I [! I-cord configuration: 2...transparent electrodes 3...
・Liquid crystal layer 4 A glass 5...Polarizing filter 6α, 6b, 6C, 7α, 7b, 7c・-X driver 8...Y driver IA diagram (b) ) e17 7If] a i (V) ton) NO
, l Otsu , 54 5 6 '7Y15 Figure Gozato Kan [Sword 9h array's attack #, from Shoru of Yoyo 〒6A figure R spear 68 figure t78 to item #) Otsu: Zl: 4th Figure 7B

Claims (1)

[Claims] 1. In a liquid crystal display device that performs intermediate multi-gradation display, the smallest display pixel constituting the screen is further divided into a plurality of dots with different area ratios, and the plurality of dots are lit.
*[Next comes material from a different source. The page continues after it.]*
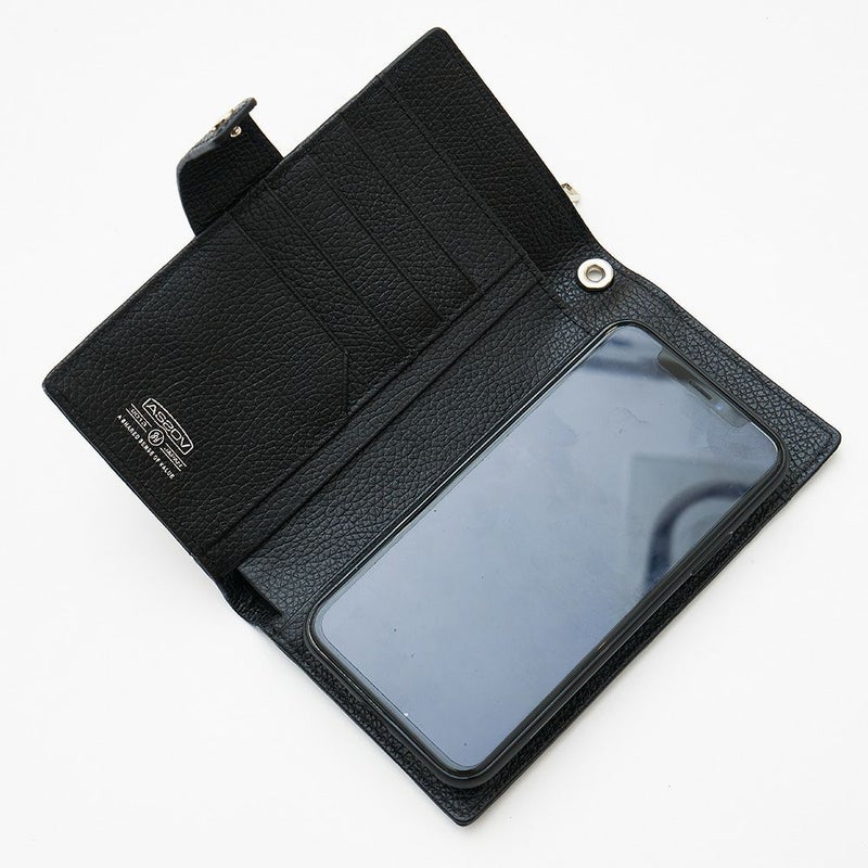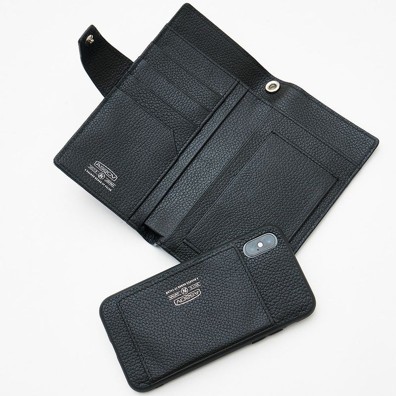 ケース・カバー無しのiPhoneX/XSが入る大きさです。 本体レザーは、国内原皮を使用しクロムで鞣した後にクロムを抜き、再度タンニンで鞣しております。 下地を染色後オイルを塗り込み、オーバーナイトさせてしっかりとオイルが革に染み込む様加工し、その後さらに染料を入れ色の深みを付け表面のエンボス加工の際には圧力・温度 を調整しより自然のシュリンク感が表現されている仕上がりになっております。オイルを含んでおり、染料仕上げの為使い込む程に経年変化を楽しんで頂けます。

Alternatively, a liquid crystal display device characterized in that the lighting is controlled to be non-lit and the intermediate multi-gradation display is performed based on the difference in the total area of the lighting dots. 2. In a liquid crystal display device that performs intermediate multi-gradation display, the smallest display pixel constituting the screen is further divided into a plurality of dots, and filters with different light transmittances are installed on the surfaces of the plurality of dots, and A liquid crystal display device characterized in that each dot included in the display pixel is controlled to be turned on or off, and the intermediate multi-gradation display is performed based on a difference in the total amount of light transmitted through the filter on the lit dot.